- Google acquired Cambridge-based startup Redux ST which developed advanced haptic technology.
- An in-person demo of the company's technology made me feel as if I was handling physical buttons.
- Redux ST also developed technology that played sound using a smartphone's screen as a speaker.
LONDON - Google has quietly acquired a small British startup that has developed advanced haptic feedback technology which makes flat glass screens feel like real, physical buttons, and also plays music through the screen itself.
Bloomberg first reported that Redux ST had been acquired on January 11, although it seems that the deal took place in August 2017.
Redux ST's technology is an interesting fit for Google, and could be used in its Pixel smartphones and ChromeBook laptops, or even in its self-driving cars.
I met with Redux ST at the Mobile World Congress technology conference in Barcelona in early 2017, before Google acquired the startup. I sat on a bed in a cramped, hot, hotel room with three Redux ST employees who showed me two devices they had developed.
The main device was a large touchscreen on a shelf. It looked like an Android tablet but much bulkier and with large bezels at the sides. This device showcased Redux ST's advanced haptics.
Redux ST's technology made it feel like I was actually pressing buttons, rotating dials, and moving puzzle pieces around. The screen remained flat, but the vibration behind it tricked my fingers into feeling three-dimensional buttons that weren't really there.
It was like a more impressive version of the Home button technology Apple used on iPhone (before the iPhone X). There was a circle in the bezel that you applied pressure on to close apps, but it didn't depress like an actual button. Instead, Apple used vibrations to fool you into thinking you pressed a button.
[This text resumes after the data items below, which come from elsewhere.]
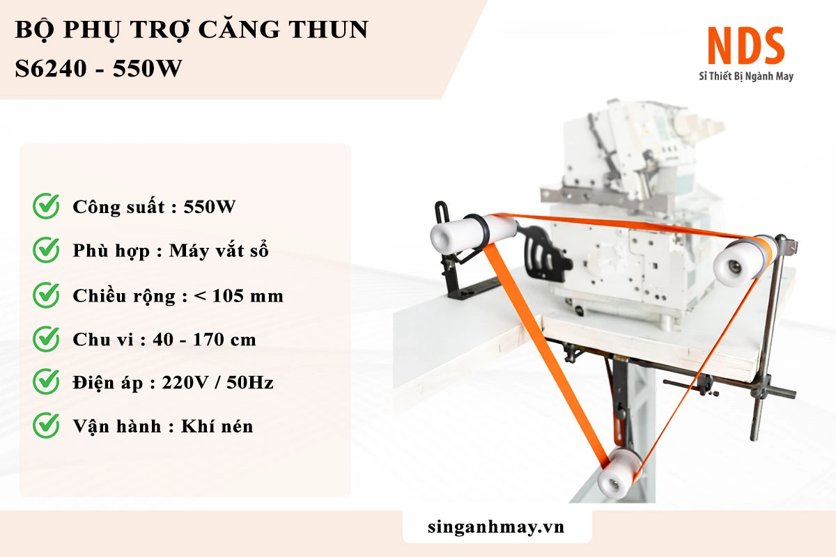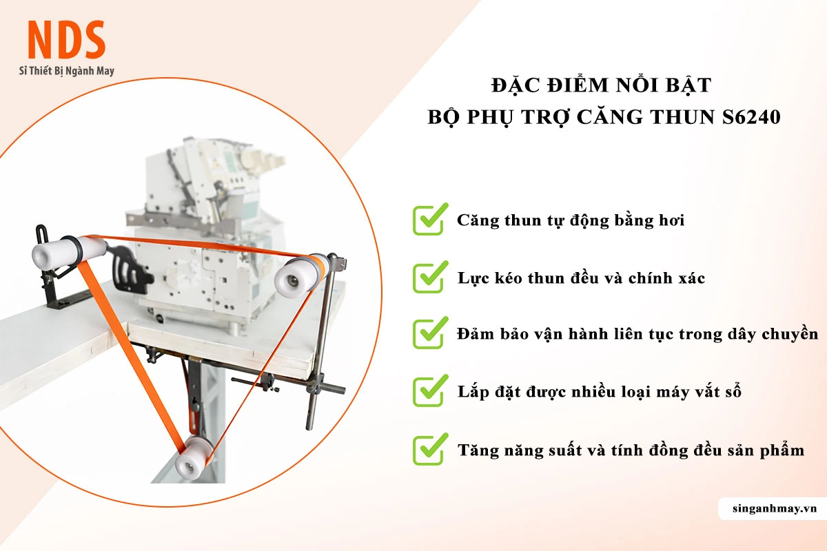 Bộ phụ trợ căng thun S6240 là thiết bị chuyên dụng lắp cho máy vắt sổ, máy vắt sổ đầu nhỏ và các dòng máy may có bàn chữ U, giúp tự động kéo và căn chỉnh thun chính xác trong quá trình may.
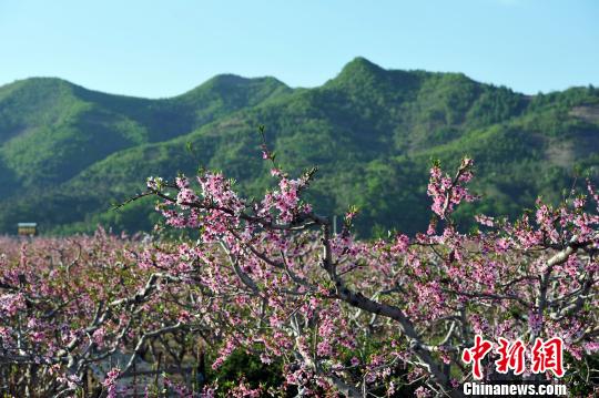 5月5日,辽宁丹东宽甸,4万亩桃花进入盛花期,吸引各地游客赏花留念。当天,辽宁丹东鸭绿江桃花观赏活动在这里拉开帷幕。据了解,被评为“中国十大最美乡村”的宽甸县河口村每年接待赏花游客超10万人次。孙昊声 摄
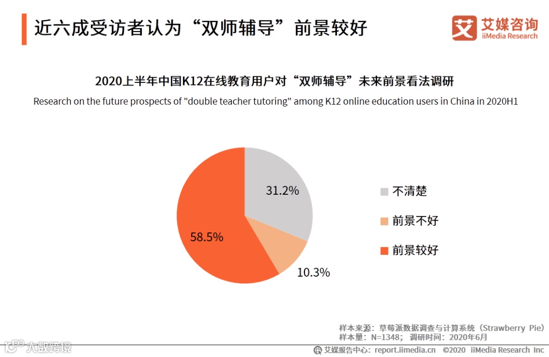 iiMedia Research(艾媒咨询)数据显示,58.5%的受访者认为“双师辅导”前景较好,仅有10.3%的受访者认为“双师辅导”前景不好。艾媒咨询分析师认为,“双师辅导”有效赋能线下教育机构,促进教育资源的进一步均衡。
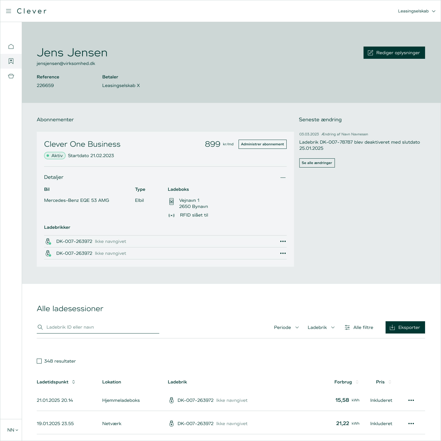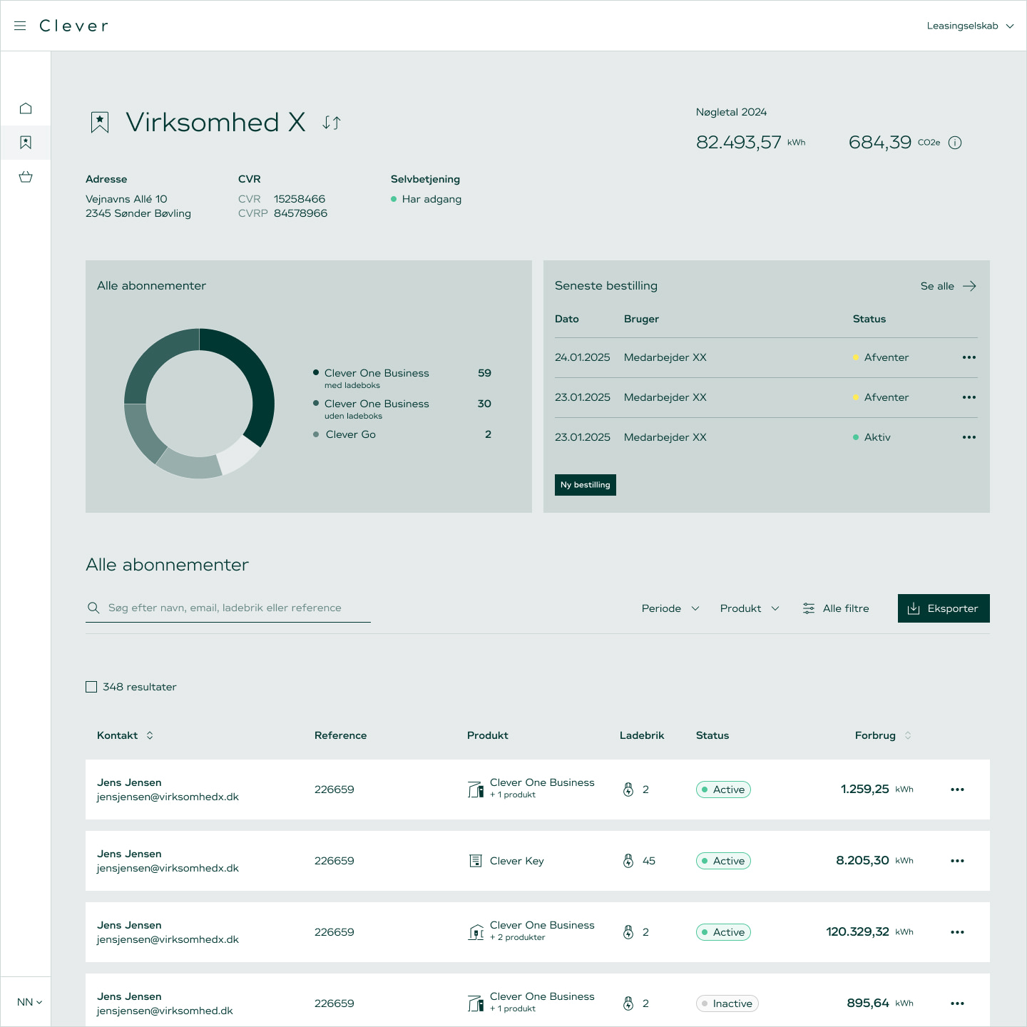 Få et bedre overblik over kunderne, deres ladeadfærd og bestil nemt ladebrikker eller opsig abonnement.

Redux ST's device had a series of demos that walked through the ways it could use haptic feedback. One demonstration had me turning a volume dial, and I felt a kind of "ticking" feeling as I rotated the wheel.
Another had me pressing buttons on a virtual keypad. If I closed my eyes, I would have felt like I was actually pressing buttons that had a physical presence.
One demo tasked me with assembling a puzzle from pieces displayed on the screen. The pieces made a clicking vibration feeling as I slotted them in, which helped me find the right place for them.
And perhaps the most intriguing section of the demo was based around how the technology could be used in vehicles. I could press buttons and drag sliders more easily when they felt physical. That makes sense for a screen in a car - anything that stops the driver having to take their eyes off the road is a good thing.
The second device I was shown was a dummy smartphone. It had a screen and a metal case, but was essentially just a speaker mocked up to look like a phone.
The interesting thing about that device was that there were no speaker grilles or holes for sound to come out of. Instead, the sound came through the screen itself.
Redux ST employees said that they could just emit audio from the top half of the phone, for example, so that you wouldn't have audio coming out near your mouth whilst on a call.
Google could use Redux's tech to make its products more immersive
So what could Google be doing with that technology?
Perhaps it just wanted one of Redux ST's patents on playing audio through a screen. It's a neat trick with no discernible drop in audio quality. And cutting out speaker grilles makes it easier to waterproof a smartphone's internal components.
Buying up Redux ST's patents would also allow Google to proceed with its own development of haptic feedback without any worries of competing with a smaller company that had already patented the technology. Google settled a lawsuit over haptic feedback patent infringement in Android phones in 2012, and it won't be keen to get into a similar fight again.
Or maybe Google has ambitious plans to embed haptic feedback within its Chromebook laptops and Pixel phones.
In 2015 Google announced that it had been experimenting on a new kind of sensor. Project Soli used radar technology to track the movement of people's fingers. The announcement video even gave the example of a user turning a virtual dial, just like Redux did in its demonstration.
Finally, the haptic feedback technology would work well in one of Google's self-driving cars. Anything likely to improve safety will make regulators look more kindly on its cars.
Sure, for most of the time people will be sitting back and not driving, but there's always the chance that people in the vehicles could have to take over operations and drive it themselves if the software fails.